Brian Beacom

JULIET Cadzow smiles as she reflects on the difference a year can make.

This winter she’ll be back at the King’s theatre, starring as the Wicked Queen in Sleeping Beauty, wallowing in the razzle and dazzle and working alongside her pal Elaine C.Smith.

But last Christmas, Juliet’s panto experience involved working in North Wales, and living in a static caravan.

“I’d never been in one before,” says the lady with the cut glass accent, who is descended from Polish aristocracy.

“And I loved it. But one morning I woke and felt the caravan move. I figured I was being stolen. I could feel the whole thing shake.

“I ran to the window expecting to see me being towed away - but it was only the camp man changing the gas bottles.”

She adds, laughing; “It was all part of the adventure.”

Juliet has had many panto adventures over the years.

The actress, who currently stars as Suzie Fraser in BBC soap River City, last appeared at the King’s panto two years ago as the Wicked Queen.

But she hadn’t been back at the King’s since 2005 when Juliet appeared alongside Elaine C. Smith and Jonathan Watson.

Back in 2005 however, Juliet’s Carabosse was a scary, avian-like creature.

“I remember Johnny playing Frank McAvennie in the panto, with ‘Frank’ wandering into my cave, looking at me in all my black feathers and saying ‘Where’s the burdz?’

“It was hilarious. But I’m sure the comedy this year will be even better.”

Juliet loves panto. “The energy required for the two shows a day is tremendous, however.

“So I’m going back to the gym and I’m doing voice exercises to get it strong.

“The big fear is that it goes. In television you can rely on microphones.”

The one time Balamory star has learned huge amounts over the years about how to succeed in panto.

But she smiles as she admits you can never quite work out what an audience will laugh at.

“In Peter Pan (in Wales) I had to play the double, Mrs Darling and the comic mermaid.

“I did this routine as the Scottish mermaid with a strong Scottish accent, and I talked about swimming a’ the way doon the Clyde to get there.

“And I added that in Scotland, we love fish. Our last First Minister, for example, was a Salmond and the current one is a Sturgeon.

“But nothing happened. Not a single laugh did I hear. And it left me up there thinking ‘Is there anyone out there?’”

She adds, grinning; “On days like that though you have to try and laugh inside. It’s all you can do.”

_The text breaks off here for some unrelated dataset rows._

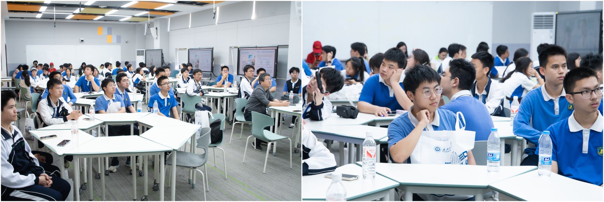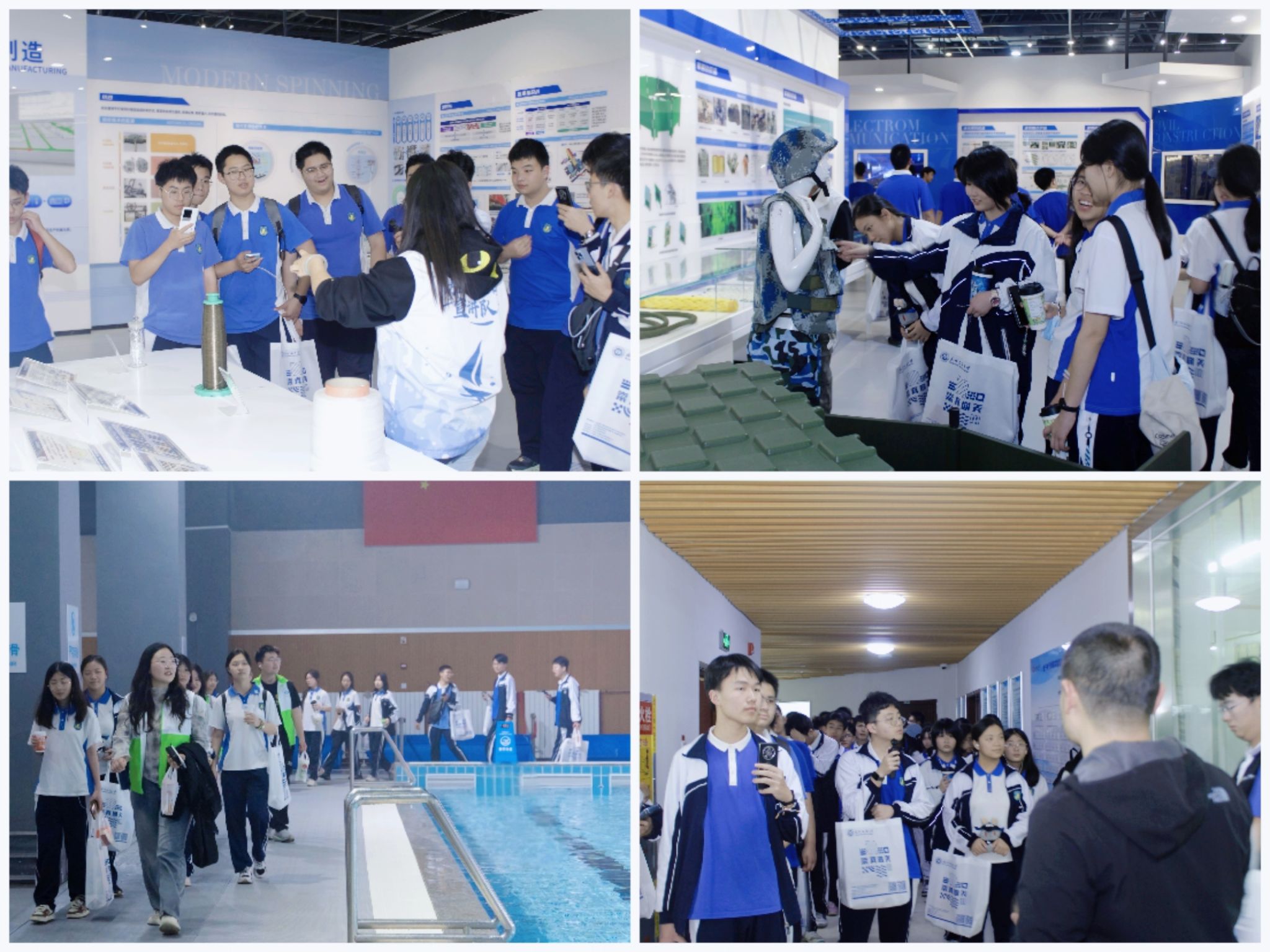研学活动中,在电气学院师生志愿者的带领下,平冈中学学子们兴致勃勃地参观了纺织科技馆、全国重点实验室、电子电气学院实验室、9号教学楼智慧教室、环湖绿道、图书馆、体育馆、游泳馆等场所。边走边看、边听边问,每到一处,同学们与志愿者交流,和教授们沟通,近距离接触高精尖的仪器设备,亲身体验了浓厚的历史底蕴和文化魅力,领略了舒适和谐、生机盎然的自然环境,提升了对高等学府的无限向往和科学技术的美好憧憬。
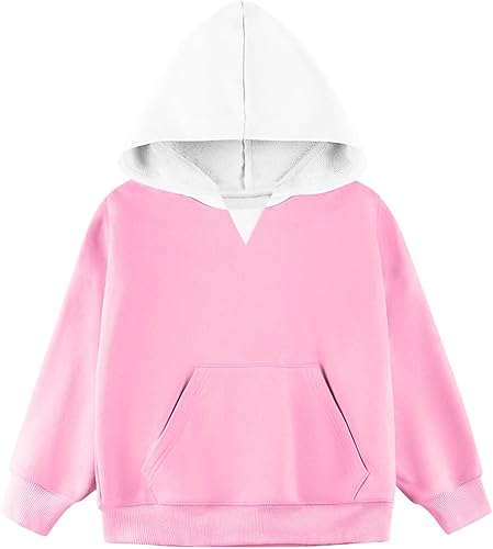 Girls Color Block Hoodies Sweatshirts Loose Long Sleeve Pullover Casual Fall Winter T-Shirts Tops for 2-15 Years(01 Pink,11 Years)
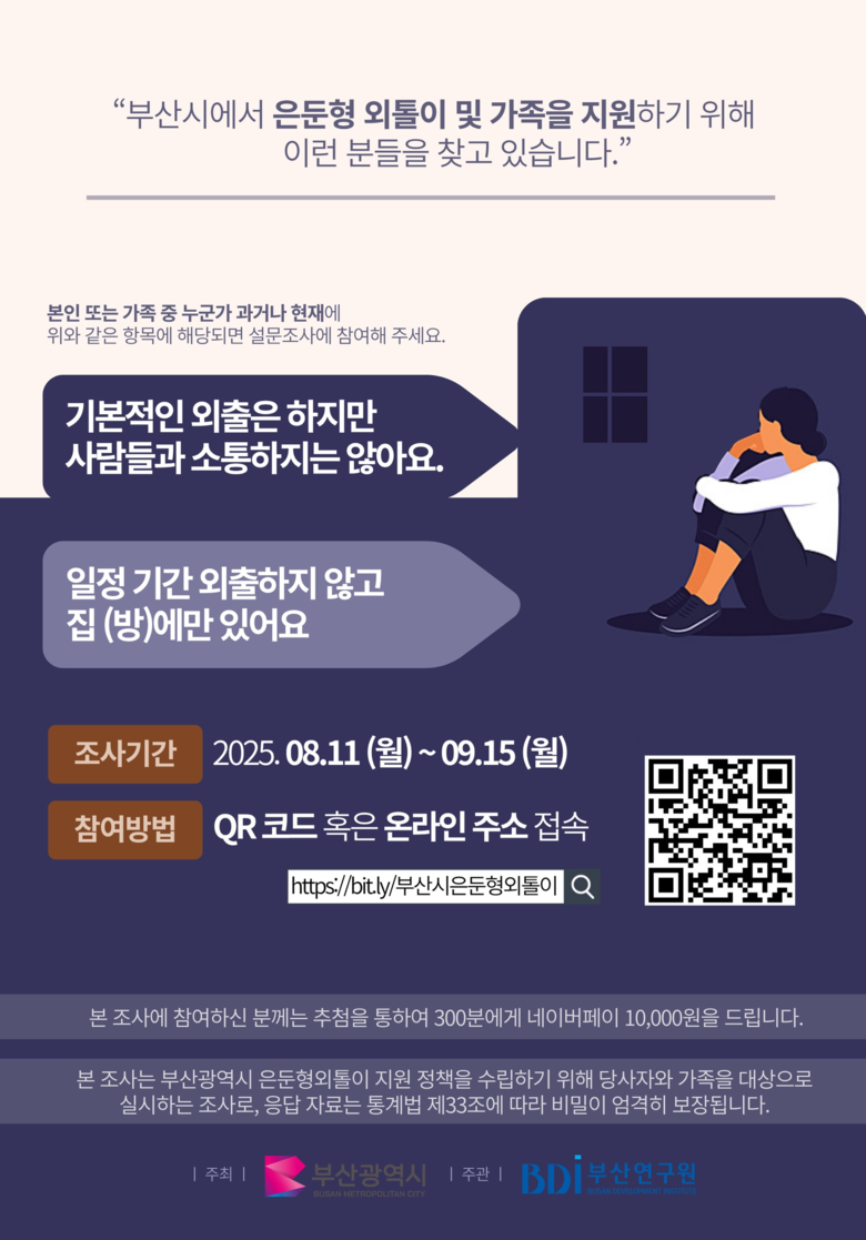 부산에 거주하는 은둔형 외톨이 당사자와 그 가족을 대상으로 한 설문조사는 오늘(11일)부터 9월 15일까지 온라인으로 진행된다.

Juliet’s most difficult panto stint came about when she had recently left drama college in Glasgow, and agreed to understudy Stanley Baxter in Cinderella at the King’s, Edinburgh.

“I was young and confident,” she recalls, “but then I got to thinking about what would happen if Stanley caught a cold and I’d have to go on.

“I began to be terrified at the thought of it. I could imagine all his fans turning up - and getting me.

“Fortunately, Stanley is the type who would never go off.”

Panto always throws up the surreal and the unexpected casting, such as playing alongside little Angus Lennie, who once starred as her husband.

And there are often physical problems to contend with.

“Sometimes when you’d be hoisted back up through the trap, having taken off your costume en route, and the lift would go to fast as you tried to change and you could find yourself arriving on stage in your scanties.

“But they don’t use traps anymore, thank goodness.

“And once I leapt over the pyrotechnics just as they went off.”

She adds, with a huge laugh; “I leapt up a little higher than I normally would.”

Working with the late Gerard Kelly was always a hoot.

“In one panto sketch he had to fill his life with water.

“But one night he laughed so much the water came out all over my face.

“The audience loved it so much Kelly kept it in. And he repeated this every night. I wasn’t so keen on that.”

Juliet’s day job is of course River City where she has really made her mark.

“It’s great, although you do feel a little like a hamster on a wheel at times.

“If you are in a lot it can be relentless, getting up at 5.15 and working ‘till 7pm.”

But surely it’s fun when she opens the pages of the script to find out what is about to happen to her character?

“Yes, I did smile when I read I’d be dating Shellsuit Bob,” she says, grinning.

“I never saw that one coming.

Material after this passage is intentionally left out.